Details and examples of the SECURE Act 2.0 RMD age change equip you to guide clients promptly. Missing RMD deadlines, miscalculating RMD amounts, and taking less than the RMD amounts are common mistakes. Don’t let clients get caught in the shuffle.

SECURE Act 2.0 RMD age ranges

SECURE Act 2.0 increased the starting age for RMDs, providing up to three extra years before some IRA owners need to begin. However, those who have already started RMDs before 2023 must continue. Missing an RMD deadline means owing an excise tax to the IRS.

In 2019, Congress told Americans that they must start their required minimum distributions (RMDs) from their tax-deferred retirement accounts when they attain age 72 (up from age 70½ for those who attained age 70½ after 2019). But new rules provide a later starting age for those who attain age 72 after 2022.

Because of these new rules, those born in 1951 or later have no RMDs for 2022. Instead, RMDs for those individuals must begin when they attain age 73 or 75, depending on the year they were born. For those who miss their RMD deadlines, the new law reduces the excise tax from 50% to as low as 10%.

Reminder: RMDs do not apply to Roth IRA owners!

Action plan for advisors

A. Contact IRA owners who will attain age 72 in 2023. Tell them there is no RMD for this year, but they can still take distributions if they want to. A sample letter is available herein our IRA Basket of Goodies (paid subscription required for access).

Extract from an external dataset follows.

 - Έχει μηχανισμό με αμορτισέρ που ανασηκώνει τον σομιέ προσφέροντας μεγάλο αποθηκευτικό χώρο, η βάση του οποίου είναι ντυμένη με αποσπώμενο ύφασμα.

B. Send a letter to IRA owners about the RMD changes.

C. For advisors who work with qualified retirement plans for small business owners, please include them in the process. They might not have third-party administrators to help them with RMD administration.

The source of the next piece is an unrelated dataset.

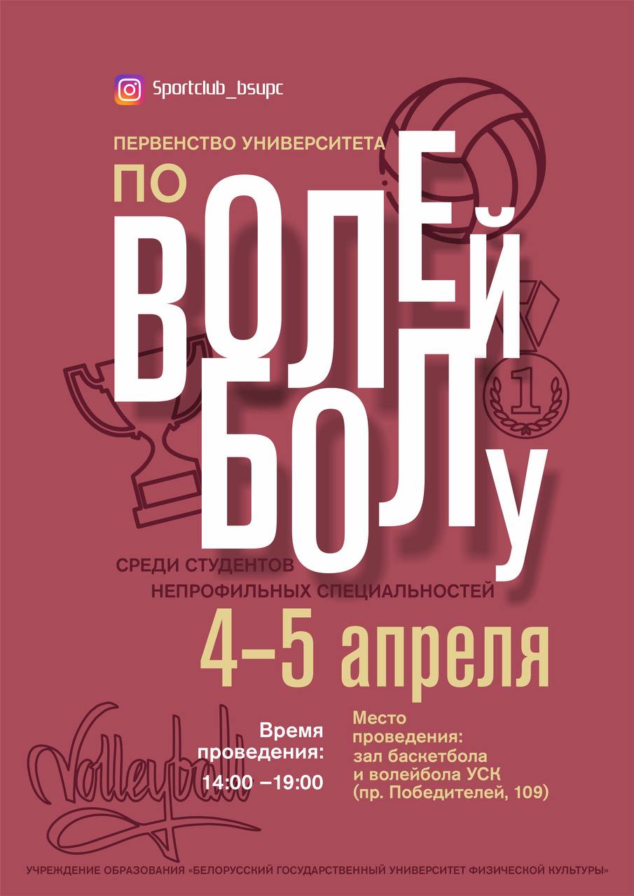 4-5 апреля состоится первенство университета по волейболу среди студентов непрофильных специальностей

D. Perform an assessment to determine if it would be tax efficient for a participant to take distributions when there are no RMD requirements, instead of waiting until RMDs are due.

E. Work with those who miss their RMD deadlines to either request a waiver or pay the excise tax.

Background on changes to RMD starting age

The Setting Every Community Up for Retirement Act (SECURE Act) of 2019 increased the age for starting RMDs from 70½ to 72 for owners of IRAs, participants in defined contribution plans, and participants in 403(b)s and governmental 457(b) plans (participants). This increase applies to those who reached age 70½ after 2019.

The SECURE Act 2.0, signed into law on December 29, 2022, increases the RMD starting age even further. Now, the starting ages for RMDs are as follows

  • A participant born in 1950 or earlier already should have started taking RMDs and must continue for every year going forward.
    • Reminder: If the participant attained age 72 in 2022, they have until April 1, 2023 to take their 2022 RMD. All other RMDs must be distributed by the end of the year to which they apply.
  • A participant born from 1951–1959 must start taking RMDs in the year they reach age 73. And,
  • A participant born in 1959 and after must start taking RMDs when they reach age 75.

The following table provides a snapshot of when RMDs begin. Note: There is an overlap for someone born in 1959, as they fall into the age 73 and 75 groups. I expect the IRS to provide clarification and will keep you posted.

A participant with assets in an employer plan (defined contribution plan, 403(b) plan, and governmental 457(b) plan) and who is still employed by the plan sponsor is allowed to defer RMDs past these ages if such deferral is permitted under the plan. However, the option to defer RMDs past these ages is not available to an employee who is a 5% owner.

Participants should check with their human resources department regarding the rules for their employer plan.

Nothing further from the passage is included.